Marcelo infantilizou e vulgarizou a instituição a que preside. A sua política de “afetos” expôs a mais alta figura do Estado português ao ridículo e à banalização.
Mas se o seu primeiro mandato foi insólito na forma, há que admitir que na substância Marcelo conseguiu fazer uma gestão cuidadosa das circunstâncias políticas domésticas, o que contribuiu para que um governo de coligação de esquerda conseguisse terminar o seu mandato.
Porém, o seu segundo mandato tem sido simplesmente desastroso. Marcelo é hoje, objetivamente, o maior fator de instabilidade política em Portugal.

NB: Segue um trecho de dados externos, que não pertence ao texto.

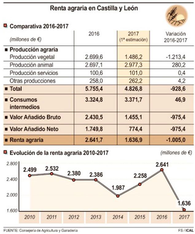 Ya hay cifras oficiales del impacto de la sequía que vivió Castilla y León durante el año pasado en el bolsillo de los agricultores de la Comunidad: 1.005 millones de euros. El primer avance de las cuentas económicas de la agricultura de Castilla y León del año pasado revela el alcance de la ausencia de lluvias sobre el sector, que cerró el ejercicio con una renta de 1.636,97 millones de euros, frente a los 2.641,79 del año anterior. Los datos ponen en evidencia que 2017 fue el peor año vivido por el sector desde 1992, cuando el desastre productivo fue aún mayor, y la renta agraria se situó en los 1.233 millones de euros.
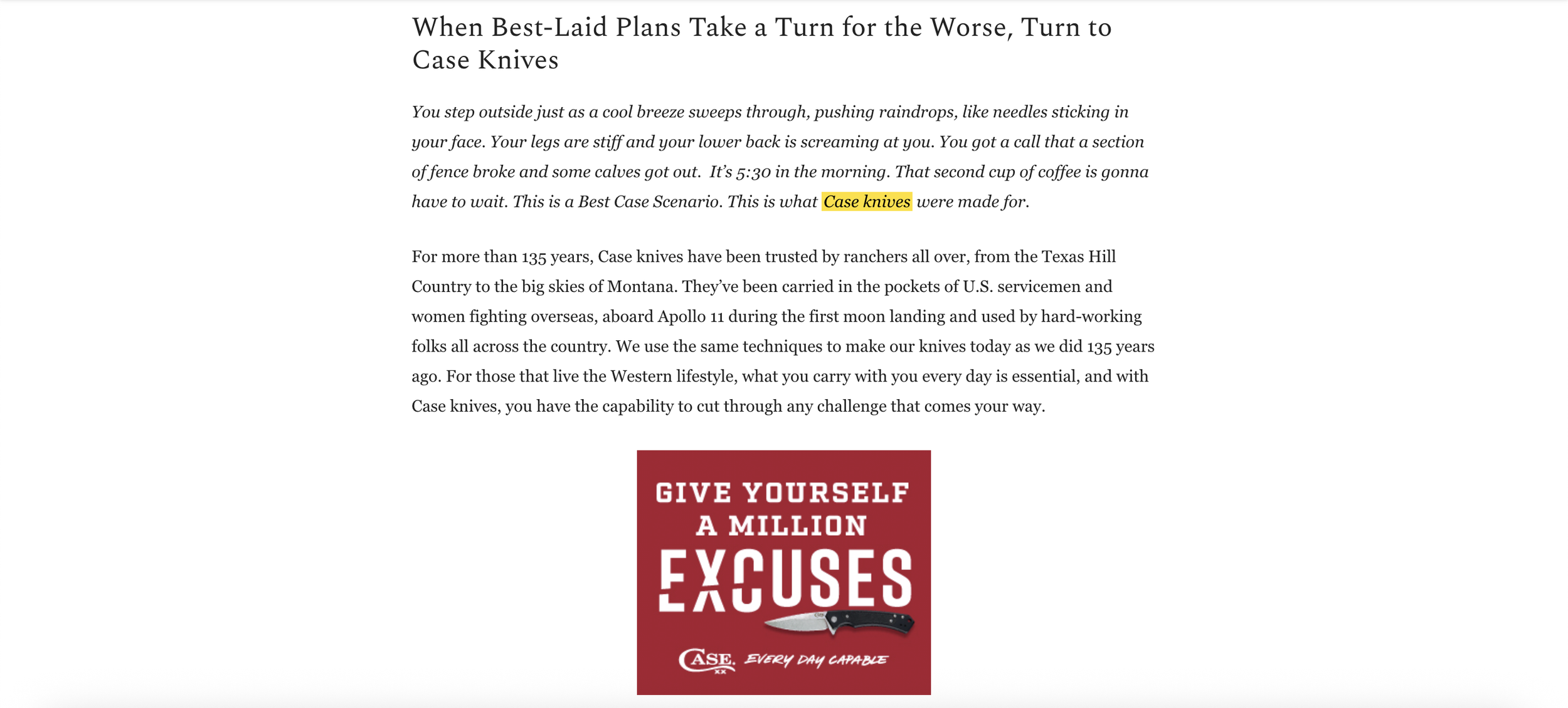 Write a sponsored article for the Western Horseman Magazine introducing readers to the Case Knives’ brand as well as calling out specific products.
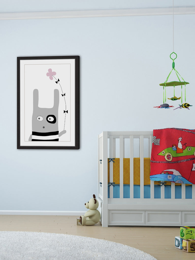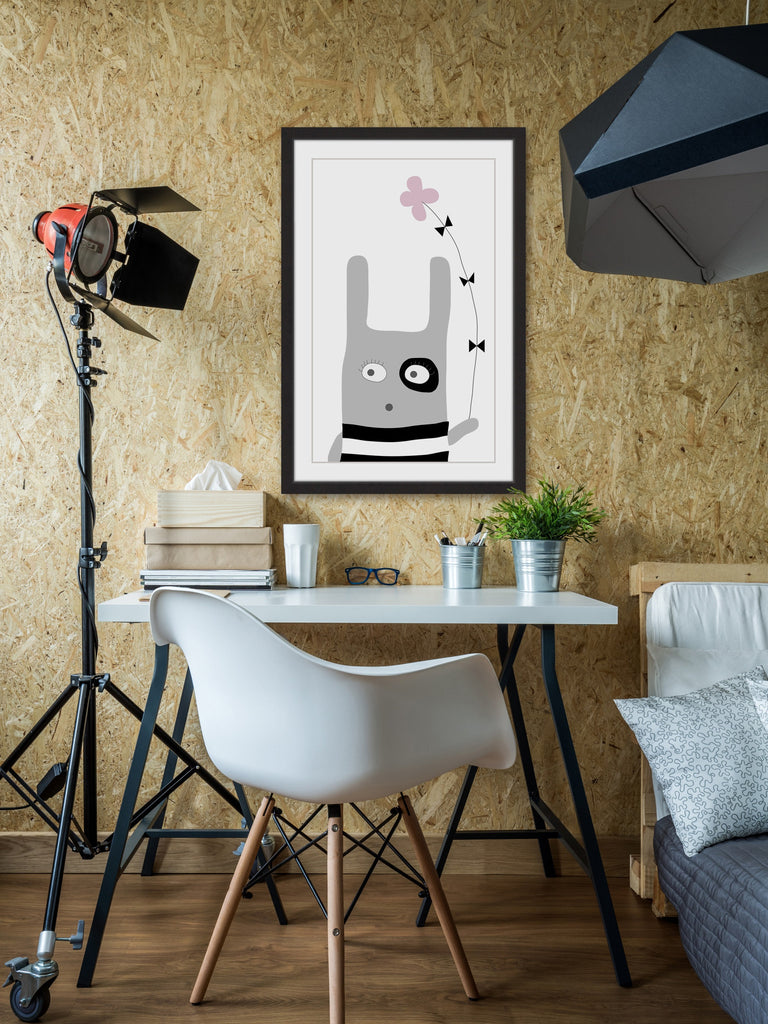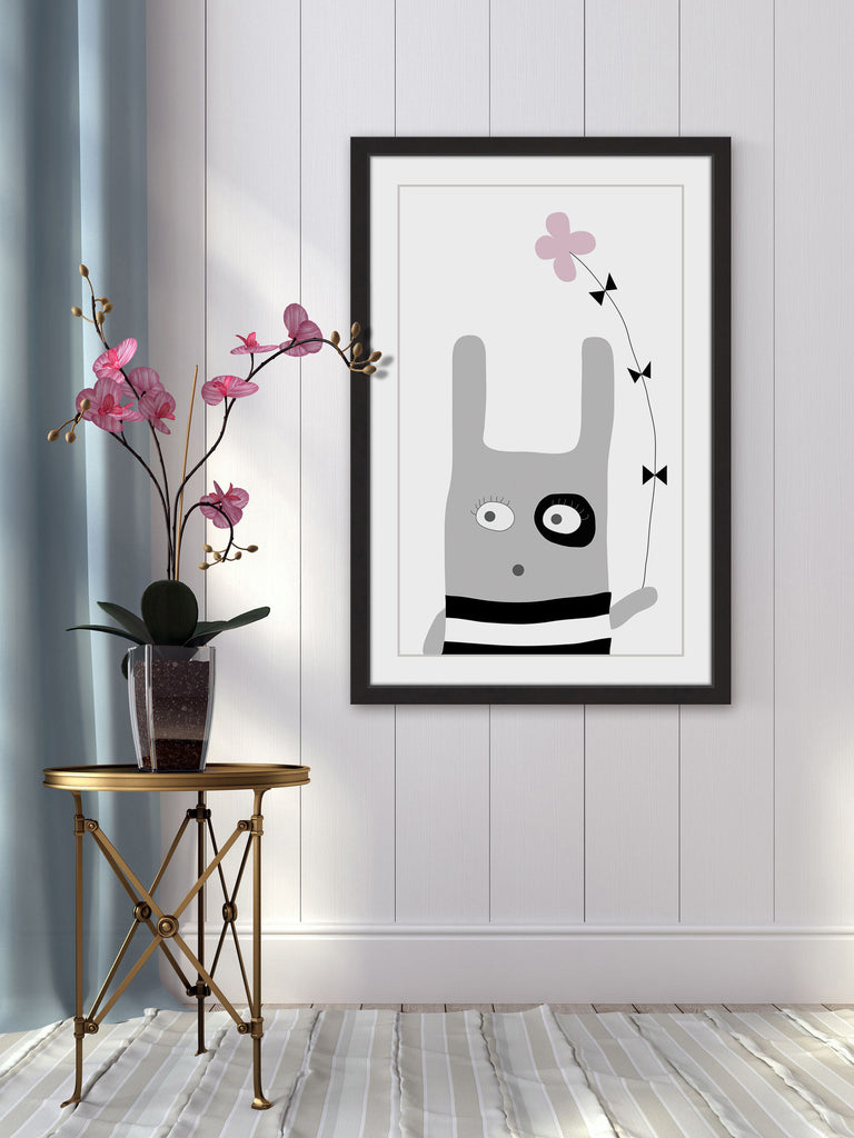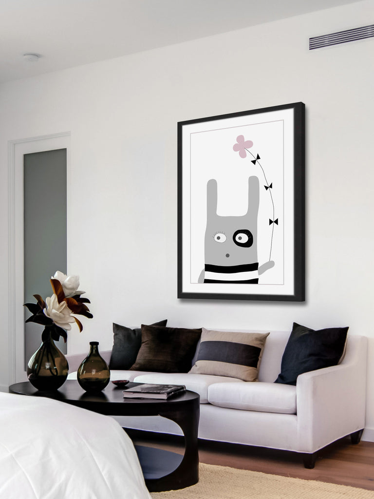 Bunny Flower Pink (Framed print)

O exemplo mais ilustrativo do seu temperamento caprichoso e imprevisível foi o seu discurso na tomada de posse de António Costa como Primeiro-ministro, em Abril de 2022. Marcelo reinterpretou a Constituição Portuguesa, transformando uma eleição legislativa numa eleição unipessoal, para avisar que uma eventual demissão do PM implicaria a dissolução da Assembleia da República.

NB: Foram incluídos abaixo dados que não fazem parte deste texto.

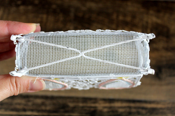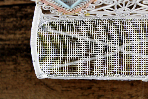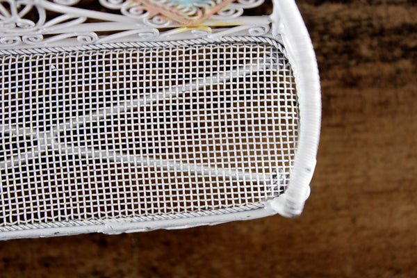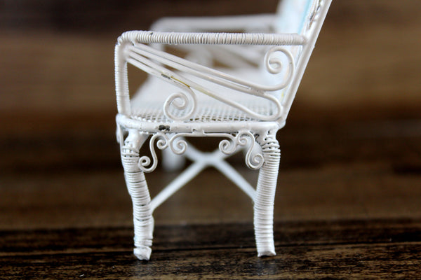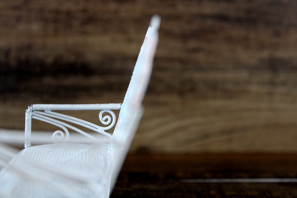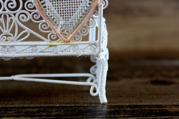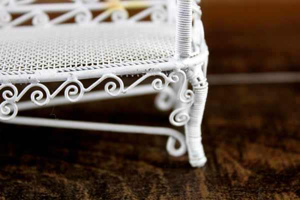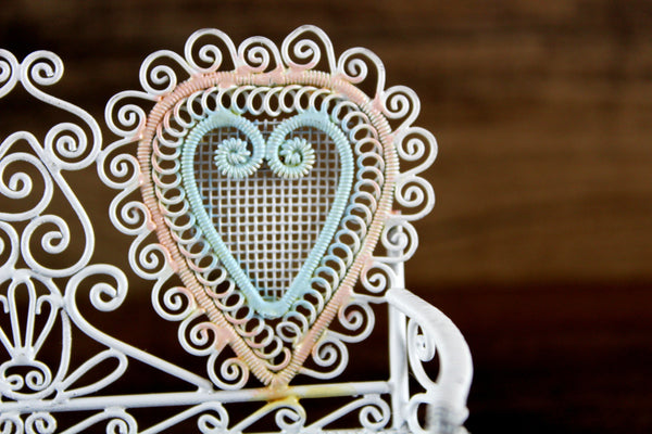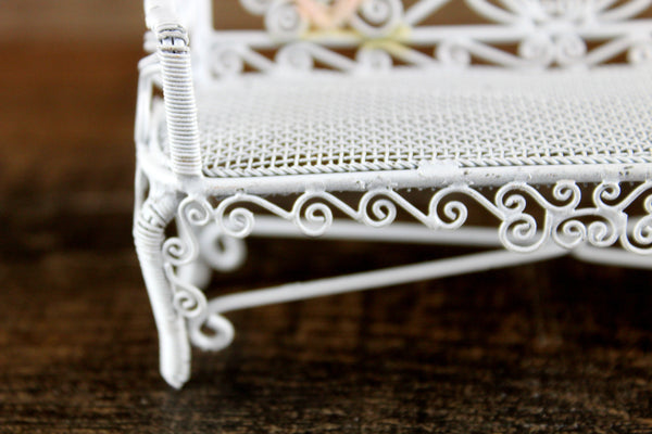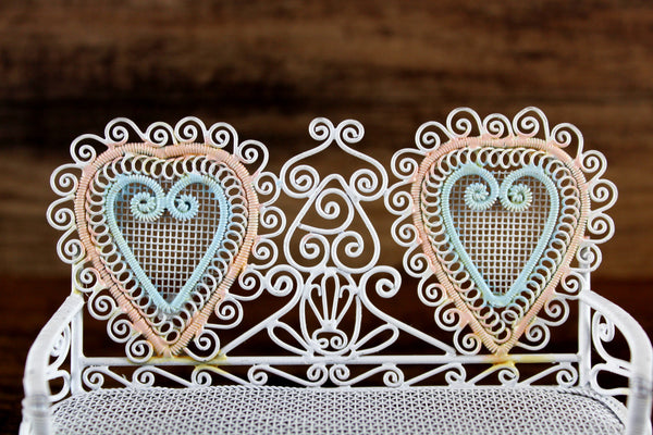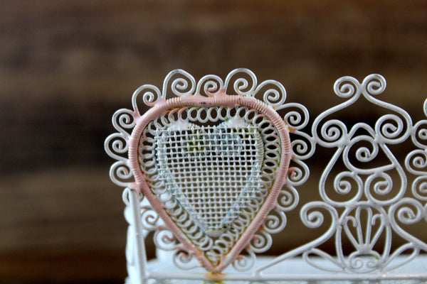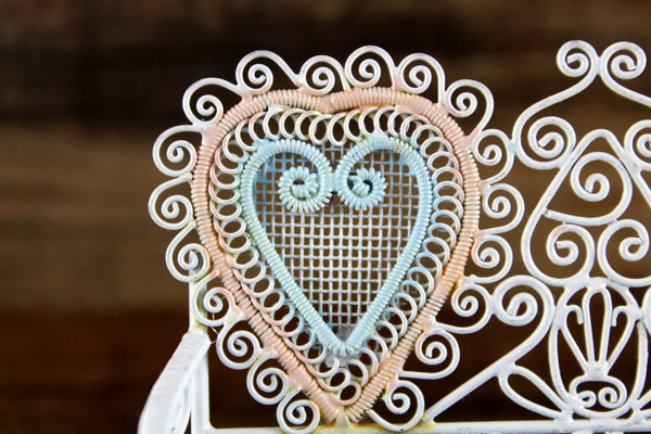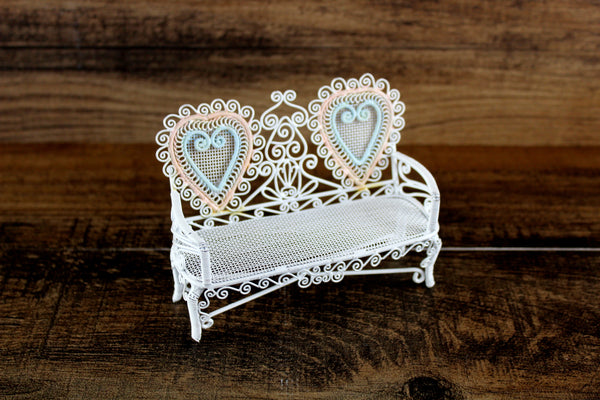 Cute vintage miniature 1:12 scale bench is made out of white metal and has a mesh seat, pretty scrollwork, and two heart-shaped designs on the back accented with pink and blue. Excellent vintage condition and perfect for your dollhouse porch, patio, sunroom, greenhouse or garden!

Ou seja, o PR autolimitou-se, estreitou a sua margem de manobra e reduziu as suas opções futuras, precisamente o contrário do que se lhe recomendaria.
Nos próximos meses iremos todos redescobrir a importância da estabilidade política, um bem público que o PR tem a obrigação de preservar.
Não foi essa a opção tomada. O resultado foi um País ingovernável, a extrema-direita fortalecida e um governo enfraquecido, isolado e transformado numa comissão eleitoral já a antecipar as próximas eleições.
Era difícil fazer pior. Portugal viverá os próximos tempos em crise política. Uma crise que não estava escrita nas estrelas e que se iniciou a 7 de Novembro através de um golpe palaciano que ainda dará muito que falar…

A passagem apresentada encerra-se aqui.